Belated books I read these months
Some of you may be following along on Goodreads already, but here’s a long-belated accounting of the books I read the first few months of this year. Hoping to recount it month-by-month in the future.
January
- The Path to Power by Robert Caro
- The Visual Display of Quantitative Information by Edward Tufte
- Means of Ascent by Robert Caro
- Inside Apple by Adam Lashinsky
- The World According to Garp by John Irving
I enjoyed most of all the two volumes this month of Caro’s biography of Lyndon B. Johnson. Robert Caro is genuinely one of the handful of people I’d consider for a Nobel Prize for Literature from the US—and possibly the most deserving, despite writing strictly non-fiction. (Is that allowed?)
Tufte and Irving were ok (though I was disappointed by the latter), and Lashinsky wrote the Apple book that the Steve Jobs biography promised (and failed) to be.
February
- Inverted World by Christopher Priest
- Pulphead by John Jeremiah Sullivan
- The Trouble with Physics by Lee Smolin
- Feminism is for Everyone by bell hooks
After the barn-burner that was January—not one but TWO Caro volumes—this month seems slight by comparison, even considering the 29 days. All four books are tight little works, and I was surprised to see myself enjoying Priest as much as I did. NYRB Classics wins again. I read my first bell hooks book and she lived up to my elevated expectations, putting out a concentrated primer on what feminism is all about. And Smolin’s work was Brian Greene for adults, both a deeper examination of modern theoretical physics and a useful counterbalance to Greene’s enthusiasm for string theory.
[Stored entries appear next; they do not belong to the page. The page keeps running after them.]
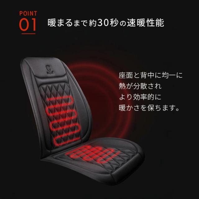 【急速加熱】シートヒーターは30秒で45〜65°Cまで素早く暖まり ドライバーや乗客に素早く暖かさを提供し 冬の寒さによる不快感を効果的に和らげる。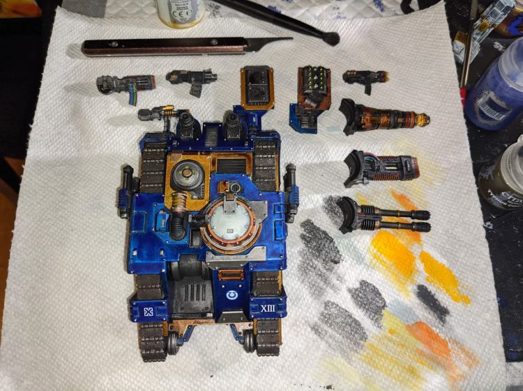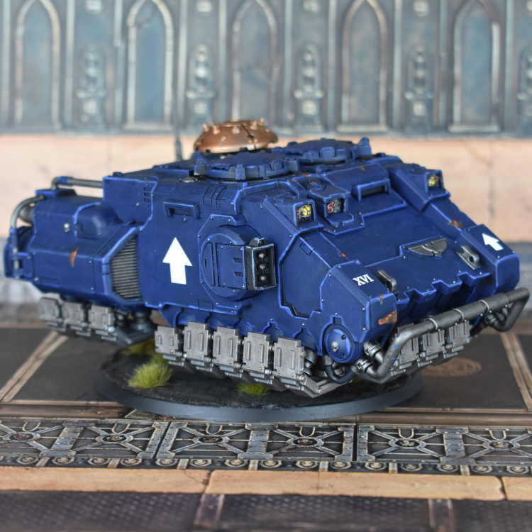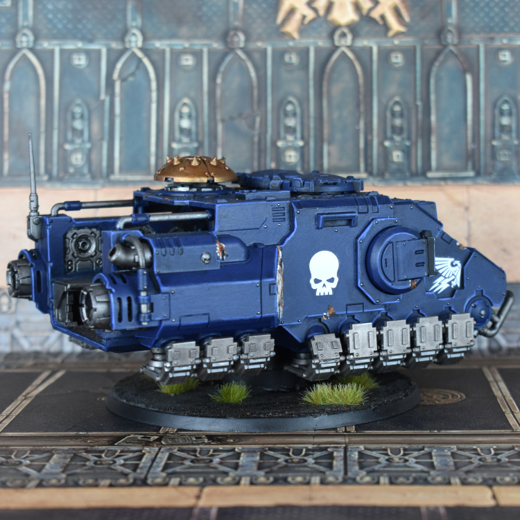 So I finally picked up one of these cuties. I'm hoping that it gets 40K Rules in the upcoming Forge World index, but if not....it's still pretty nifty. I magnetized all the guns (primary and secondary), and am using friction fit for the removable ammo panel up top. It's pretty easy to magnetize the main guns, but the pintle gun is a bit trickier.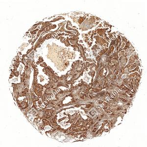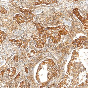 | IHC检测MHC Class I蛋白(货号 GB150092). 样品: 人肺腺癌, 4%多聚甲醛 (货号G1101) 固定12-24小时. 抗原修复: Tris-EDTA抗原修复液(pH 9.0) (G1203), 100℃, 25分钟. —抗: 1: 1000稀释, 4℃ 孵育过夜. 二抗: S-vision免疫组化多聚二抗(山羊抗兔),即用型 (货号G1302), 室温孵育20分钟. |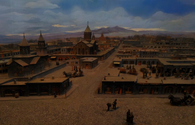 Тут как в истинном центре спрятаны несколько больших черных церковинок, важных как для города, так и для понимания армянского религиозного зодчества, есть стена анекдотов на трех языках, а еще приятный фонтан, пара занятных строений, памятник сильным мира того и много едален. Нас прельстил и насытил ресторан Старая Армения, убранный в лучших традициях — с ткаными коврами, алко вазами квеври, тяжелыми люстрами, лаваш\ом под стеклом дубового стола и грандиозным размахом.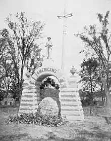 The monument was erected in 1902 and commemorates the 2,260 Confederate soldiers buried at the site.[5][6] The memorial is 17 feet (5.2 m) and includes a bronze figure of a soldier standing on a granite arch, holding a rifle. Its original wooden arch, which was inscribed with the word "AMERICANS", was replaced with the current stone arch in 1902.[7]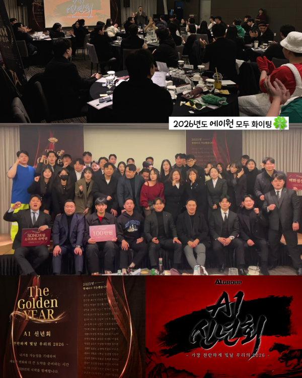 2026 A1 신년회 | The Golden YEAR 작성일 2026.01.29 15:55 컨텐츠 정보 14 조회 목록 본문 , A1의 2026년 같은 목표를 바라보며 같은 공간에서 웃고 박수치던 이 하루가 2026년을 만들어갈 우리의 첫 장면입니다. 각자의 자리에서는 책임을 다하고 함께 모였을 때는 마음을 나누는 시간. 그 균형이 우리가 함께 걸어갈 수 있는 이유라고 믿습니다. 함께라면 충분히 해낼 수 있다는 확신을 이 하루를 통해 다시 한 번 느꼈습니다. 2026년, 같은 방향을 바라보며 한 걸음씩 차분하게 나아가겠습니다. 관련자료 링크 https://www.instagram.com/reel/DTwP4IGk2T3/?utm_source=ig_web_copy_link&igsh=MzRlODBiNWFlZA== 7 회 연결 https://www.instagram.com/p/DTuBNiZk0ys/?utm_source=ig_web_copy_link&igsh=MzRlODBiNWFlZA== 7 회 연결 다음 2025 11월 A1 사업부 MVP 시상식 (어묵데이) 작성일 2025.12.08 13:55 목록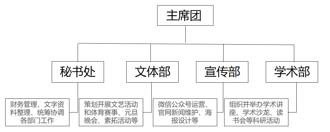 h动漫 研究生会是在学院党委领导、团委指导下的研究生骨干组织,始终秉承“上下贯通、协调有序、运转高效”的原则,以“主席团+四职能部门”为组织架构,致力于服务同学、促进学术、丰富文化、助力成长。我们不仅是学院与学生之间的桥梁,更是每一位研究生绽放才华、实现理想的重要平台。研究生会主席团目前设成员三人,四个职能部门分别为秘书处、文体部、宣传部和学术部。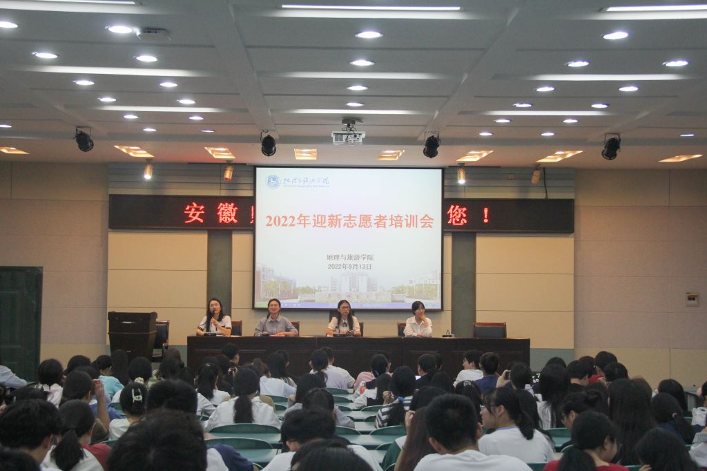913日晚,地旅学院于学院实验楼101教室召开了2022年迎新志愿者培训会。辅导员韦银艳、吴文涵和新生辅导员操晶晶、谢园以及200多名志愿者们参加会议。会上,韦银艳从志愿服务精神、安全纪律、工作态度和文明礼仪四个方面明确了志愿者的工作任务与要求。随后新生辅导员依次发言,着重强调了志愿者要以良好的精神面貌树立好榜样,给新生留下师大及地旅学院的美好印象,让他们对于大学生活充满美好憧憬,同时希望各部门团结协作,共同做好新生接待工作展示地旅学院学子风采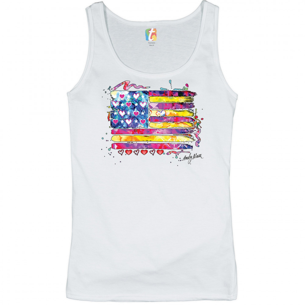 COLORFUL AMERICAN FLAG women's tank top patriotic 4th of july independence white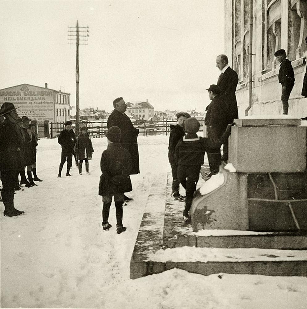 Menn við tröppur, annar neðan við, en hinn á þeim. Börn standa hjá. Fjær skátar í röð. Hús í baksýn.
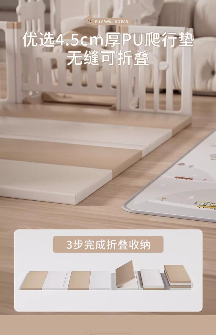 邁奇寶寶遊戲圍欄丨嬰兒室內防護欄丨兒童爬行墊護欄柵欄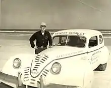 Honest Charley built several race cars during the early years of the Speed Shop. Each was recognizable by his company name hand painted on the side of the car. In 1953 on the Daytona Beach Road Course his modified '39 Ford sedan with a Mercury 59A engine won the Daytona Century Race with a speed of 137 mph.[4][7] He was a major sponsor of drag racers "TV Tommy" Ivo and "Jungle Jim" Liberman, both of whom prominently displayed his logo on their cars. From 1971-72 he sponsored the NHRA sanctioned All-American Stars & Stripes Whole Earth Open Drags race at Beech Bend Park in Bowling Green, KY. He attended the Indy 500 every year from the '30s to the '70s. He was well known at many other tracks such as Daytona and Bristol.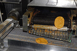 その後丸型に成型。そしてパン粉付けの工程へ進みます。パン粉付けは一般的なコロッケのように小麦粉をはたいて玉子をくぐらせるのではなく、すり身に直接付けます。これが他のフライと違うところ。パン粉の付いたすり身はフライヤーに投入され200度の油で揚げられます。フライヤーをくぐって、揚げたて、アツアツのフィッシュカツが姿を現しました。1枚ずつ並べて油切りをしながら常温で1時間ほど冷まし、さらに10度以下まで二次冷却。そしてパック詰めし、シールを貼ると消費者の食卓目指して出荷されていきます。

Sullivan is talented as hell, but there are weaknesses and crutches.
March
- River of Shadows by Rebecca Solnit
- Otherwise Known as the Human Condition by Geoff Dyer
- The Possessed by Elif Batuman
- Airframe by Michael Crichton
- The Sense of an Ending by Julian Barnes
- Illuminations by Walter Benjamin
Four impressive-as-hell books this month in Solnit, Batuman, Barnes, and Benjamin. I basically ran around babbling the praises of River of Shadows for all of 2012 so far, and they’re well-deserved. Re-readng it was just as pleasurable as my first time two years ago. Elif Batuman is a hell of a writer, and makes me want to read Russian literature so badly. This was my first time reading Julian Barnes, after consuming that slim volume on memory and remorse, I want to read more of him now! And Walter Benjamin just owns owns owns. Dude is so quotable.
Geoff Dyer is ok, but too unfocused to really delve beyond the aesthetic attributes of any experience. That’s certainly his strength and niche, but seeing the bounds of his domain over 400 pages of essays was kind of depressing. Michael Crichton was still Michael Crichton, and I can see both clearly both why I eagerly read all his stuff in 6th grade and why I haven’t touched it since. Most hilarious/disappointing part was picking up Tom Wolfe for the first time afterwards and noticing he has the same sort of weaknesses; instant turn-off.
I am excited about the rest of the year! Much better pace than 2011, which makes sense given my main weekend activity is reading until football shows up again in the Fall.